NUCLEAR INDUSTRY SEEKS SOCIALISM
Report: Iowa Consumer’s Annual Utility Bills Could Climb Over $800 if Legislature Permits Unfair Nuclear Reactor Financing Method
February 14, 2012 (Environmental Law & Policy Center)
"A leading U.S. expert on nuclear reactor financing is warning that a bill pending in the Iowa Senate to allow MidAmerican to charge in advance for the construction of new nuclear reactors could lead to significantly more expensive utility bills for state consumers, up to $70 higher a month ($840 per year).
"Analyst Mark Cooper shows how the examples of four Southeastern U.S. states – North Carolina, South Carolina, Florida and Georgia – have led to major harms to consumers when “early cost recovery” or “construction work in progress” (CWIP) is used to finance nuclear reactors…Cooper’s analysis concurs with the Staff of the Iowa Utilities Board (IUB), which examined the controversial nuclear financing scheme before the state legislature (HF561), and concluded that it poses a serious threat to Iowa ratepayers. The Cooper report…[found that] advanced cost recovery is fundamentally flawed, placing ratepayers at extraordinary risk for an excessive and unnecessary cost burden that runs into the billions of dollars…"

[Mark Cooper, senior fellow for economic analysis, Institute for Energy and the Environment/Vermont Law School:] “Past experience and current developments in the few Southeastern U.S. states that have allowed advanced cost recovery for nuclear reactors indicate that removing consumer protections will impose significant costs on Iowa ratepayers and expose them to extraordinarily dangerous risks. The push for early cost recovery for construction of nuclear reactors in Iowa and elsewhere is driven by one basic truth about new nuclear reactors: They are totally uneconomic.
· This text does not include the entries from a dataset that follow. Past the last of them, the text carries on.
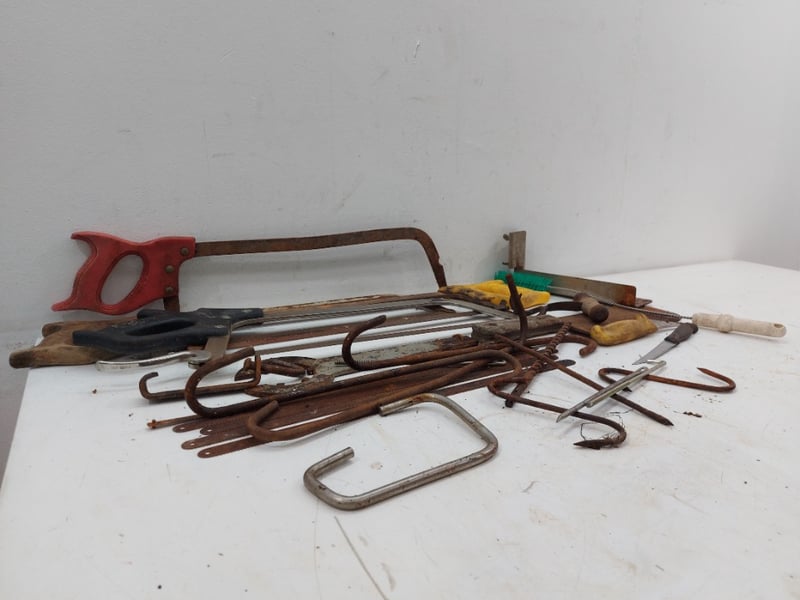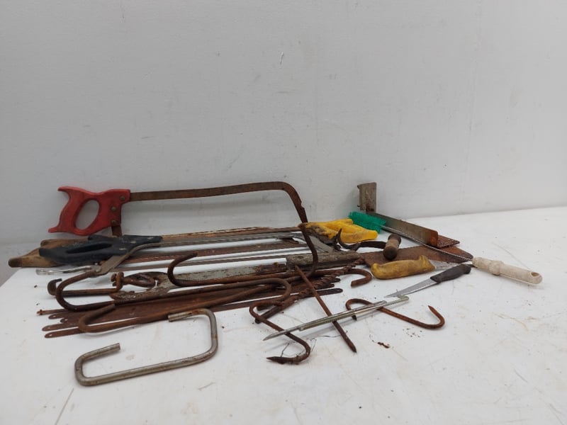 Assorted Lot Includes, Hand Saw, Hooks, Knives, Quantity Per lot Sold As Lot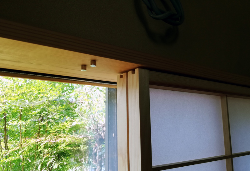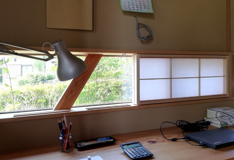 坂の上スタジオと住まいのスタジオの道路際開口部、今まで透明ガラスのみで西日が激烈だったので、障子を入れることになった. 障子を建て込むための溝を、通常なら開口枠に設けるが、厚みがなく掘れない、 ここでは、下枠にスライドガイドとなる凸敷居、上枠には倒れ防止の家具用金属ダボを打ち込み、 障子に掘った溝がそれらを滑るようにした.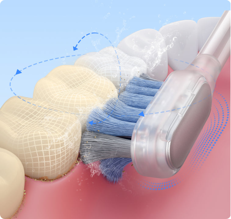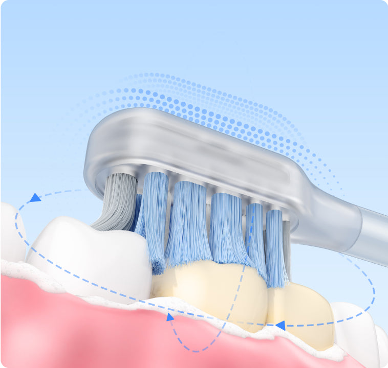Les poils souples aux pointes arrondies à 95 % s'insèrent délicatement dans les interstices et le long de la ligne gingivale, offrant un brossage efficace mais en douceur de vos dents et gencives.

The markets won’t touch these projects so the industry’s only alternative is to enlist state lawmakers to leave consumers holding the bag.”
[Mark Cooper, senior fellow for economic analysis, Institute for Energy and the Environment/Vermont Law School:] “…[In] the Southeast, each individual nuclear reactor project costs $15 to $20 billion. Over $4 billion has already been approved for advanced cost recovery, yet it appears increasingly unlikely that the most of reactors will ever be built…If reactor construction moves forward as proposed, almost $85 billion of construction costs will move into the utility rate-base causing rapid increases in typical consumer bills within a decade. Less costly, more consumer and environment friendly [widely available] alternatives will be crowded out of the resource mix.”